Depois de muita confusão, o empregado permitiu que ela fosse até o apartamento acompanhada de um segurança. Quem sabe, assim aquela maluca bêbada e encrenqueira iria embora, depois de verificar que aquele lugar não era o dela. Ela tentou abrir a porta e percebeu que a chave não entrava. Era quase de manhã quando chegou o chaveiro do condomínio que rapidamente abriu a porta e surpresa: O apartamento estava vazio. Só um envelope no chão. Ela apanhou o envelope, estava escrito Happy Christmas, mais nada. Começou a chorar… De volta à portaria perguntou o que havia acontecido, afinal que mundo era aquele em que numa hora você mora num lugar na outra tudo some? O porteiro garantiu que aquele apartamento estava interditado há alguns meses, questão de espólio coisa complicada, de família grande ….. Ela estava tonta, imobilizada, não conseguiu dizer mais nada. Algo nela ainda era daquela menina que sempre aceitou a vida e suas determinações cruéis. Foi aí que ela caiu em si. As coisas foram se encaixando, os porta retratos com recortes de revistas aqueles móveis estranhos e outras esquisitices do comportamento dele, como o fato de sempre repetir para ela ser uma boa menina e sua forma de rir,o Ho Ho Ho!…Sem dúvida, aquele homem era Papai Noel em pessoa. Só podia ser! E pelo que ela sabia papai Noel não existia, daí o desencanto, o fim de todo o seu sonho…
Pelo menos foi isso que ela contou para um estranho num bar de tipo americano lá de Botafogo, onde rolava uma festa de Natal dos desgarrados. Era um homem interessante, estava de terno e gravata e o fato de ser dentuço não atrapalhava em nada, ligeiramente engraçado. Depois de dois uísques ela começou a achar que aquele detalhe anatômico tinha lá o seu charme. Eles trocaram confidências sobre suas solidões. Ela com a história de sua família no interior do Brasil e ele com a de homem separado. Falou que sua mulher o tinha deixado por um jogador de futebol e no mais, não quis adiantar detalhes. Perguntou se queria cear com ele. Foram para um apart-hotel do Leblon. Ela se espantou quando viu que os cômodos estavam cheios de ovos de chocolate. Ele se desdobrou para convencê-la que ele não era o Coelhinho da Páscoa e sim um empresário mal sucedido que tinha apostado tudo no chocolate amargo e agora esperava ansioso a próxima Pascoa para tentar “desovar” o apê…Foram felizes até aparecer o Saci Pererê, mas aí é outra história.

2 comentários:

TS disse...

A moça tem um pé no outro lado do espelho... isto não é ruim, desde que ela divirta-se com sua fantasia e saiba sair dele.

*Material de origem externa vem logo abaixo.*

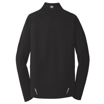 - Drop tail hem with reflective stacked O heat transfers at lower back panels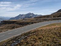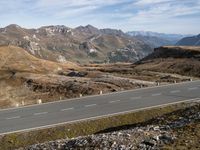 Aerial view of a curved asphalt road meandering through an elevated terrain of mountains, lakes, and open spaces in the highlands of Austria, Europe. Tar and trees line the road and clear sky overlooks the mountain landforms and switchback slope.

Gostei da idéia de modificar o texto a cada ano... mantendo-se como um mesmo conto.

LIBERATI disse...

Esse conto me lembra aquele filme baseado no texto Paul Auster, se não me engano acho que o título é "Smoke", um filme em que os caras fumam - o cenário é uma tabacaria, cujo dono é Harvey Keithel (é assim que se escreve?)Vale a pena ver, num momento do filme rolam umas histórias de Natal.